New London's project was designed as a lifeline for a city that for decades had suffered from shrinking population, high unemployment and a declining school system, and lost another 1,400 jobs in 1996 when the Naval Undersea Warfare Center in Fort Trumbull closed. Pfizer, which had run out of expansion space in Groton across the river, seemed like a golden opportunity.

The Pfizer Global Research headquarters, built on a city-owned site adjoining Fort Trumbull that was once the site of a linoleum plant, was opened in 2001, and has already boosted New London with 2,000 new jobs. But the hotel, upscale housing, offices and retail shops once imagined by the company and civic leaders remain a dream. The redevelopment authority controls more than 95 percent of Fort Trumbull's 90 acres and 100 of its 115 lots, but have accomplished little aside from demolition.

'Poster child' for effort
Gaudiani still defends her vision. "I understand the complaints, but I was looking at a city with no more developable land, no industry, and 75 percent of the kids on public assistance," she said. "It's a problem for me to keep raising millions of dollars for a swanky liberal arts college while doing nothing for all these low-income kids. There's a really deep moral issue here. Do you just say, 'Who cares if these kids get a break?' "

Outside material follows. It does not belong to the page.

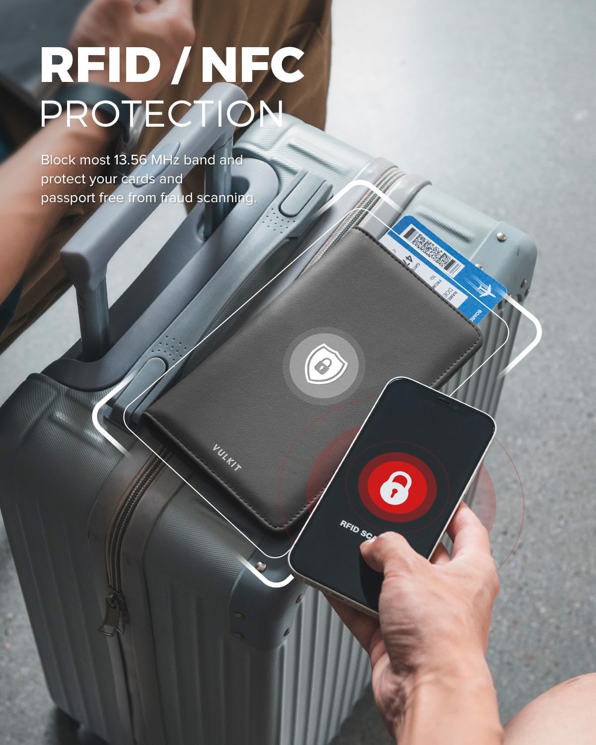 VULKIT Passport Holder Wallet RFID Blocking Travel Wallet for Men & Women

As residents fought to save their homes, one of Gaudiani's published comments - "Anything that's working in our great nation is working because somebody left skin on the sidewalk" - became a symbol of the alleged callousness of the effort. That, combined with a high-voltage personality and her marriage to a Pfizer executive, made her what she called "the poster child for the monster."

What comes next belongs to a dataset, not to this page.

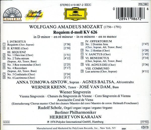 Wolfgang Amadeus Mozart - Anna Tomowa-Sintow, Agnes Baltsa, Werner Krenn, José Van Dam, Wiener Singverein, Berliner Philharmoniker, Herbert von KarajanRequiem

But three years after leaving New London, Gaudiani still makes the same point in different words. "There are circumstances in which the one gives to the many," she says. "E Pluribus Unum. We always want to protect the one. But the expectations for the one have to be looked at in terms of the many lives that will be helped."

A historic view
Kelo and her fellow holdouts in Fort Trumbull don't buy that logic. "They act like you should get out for the greater good of the community," said Bill von Winkle, who owns several rental properties that he bought with the profits from a lunch deli he ran for workers at the now-departed undersea warfare center. "I'm not sure why the homeowner has to do that."

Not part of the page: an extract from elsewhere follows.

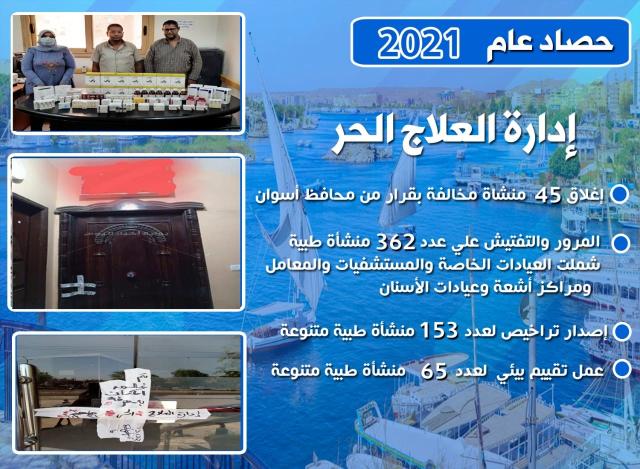 فى إطار متابعته للجهود التنفيذية المبذولة فى مختلف قطاعات العمل التنفيذى خلال العام الماضى ومنها قطاع الصحة أكد اللواء أشرف عطية محافظ أسوان على ضرورة الإستمرار فى تكثيف الحملات التفتيشية لرصد المخالفات أولاً بأول حفاظاً على صحة وسلامة المواطنين ، ومن جانبه أكدت الدكتور إيهاب حنفى وكيل وزارة الصحة بأن إدارة العلاج الحر والتراخيص بقيادة الدكتورة هبه سيد نجحت فى تنظيم حملات ميدانية للتفتيش على عدد 362 منشأة طبية متنوعة شملت العيادات الخاصة والمستشفيات والمعامل ومراكز أشعة وعيادات الأسنان ، بالإضافة إلى إصدار تراخيص لعدد 153 منشأة طبية مختلفة ، بجانب عمل تقييم بيئي لعدد 65 منشأة طبية أخرى، فضلاً عن إغلاق 45 منشأة مخالفة بقرار من محافظ أسوان .

They see the battle through the prism of class and history. Matt Dery, a circulation manager at New London's daily newspaper, said his family settled on their little corner lot in Fort Trumbull more than 100 years ago, when it was an enclave for new Italian immigrants. His parents, both in their 80s, live next door, and two adjoining properties are rented. They don't want money, he said, they just want to be left in peace.

Somehow, he said, government's grand civic visions always skip over the homes of millionaires, and target people of modest means as the ones who have to sacrifice for the many.

"They thought they could steamroll us because we're undereducated, lower-middle-class people," said Dery. "They looked at our view of the river and said, 'This isn't the highest and best use.' We're going to take it. . . . The only thing that protects anyone is being rich or politically well connected."

The history of the project provides at least some support for such bitterness. The smell from the sewage plant, for example, was long ignored by the city - until Pfizer came and insisted that it be fixed. The only structure in Fort Trumbull spared from condemnation was the squat, one-story Italian Dramatic Club, a hangout for local and state politicians.

And Kelo pointed to recently published remarks by lawyers for the city, acknowledging that they hope refurbished housing will attract young professionals from Pfizer to Fort Trumbull - people with "leadership qualities to remake the city."

Those comments, she said, reflect the social snobbery driving a plan that could more easily have been executed by renewing the neighborhood around the houses of those who didn't want to sell.

"They don't want us rubbing elbows with the bow-tie boys from Pfizer," she said. "It has been a class issue from the start - we're uneducated and poor, and it's OK to do that to the poor."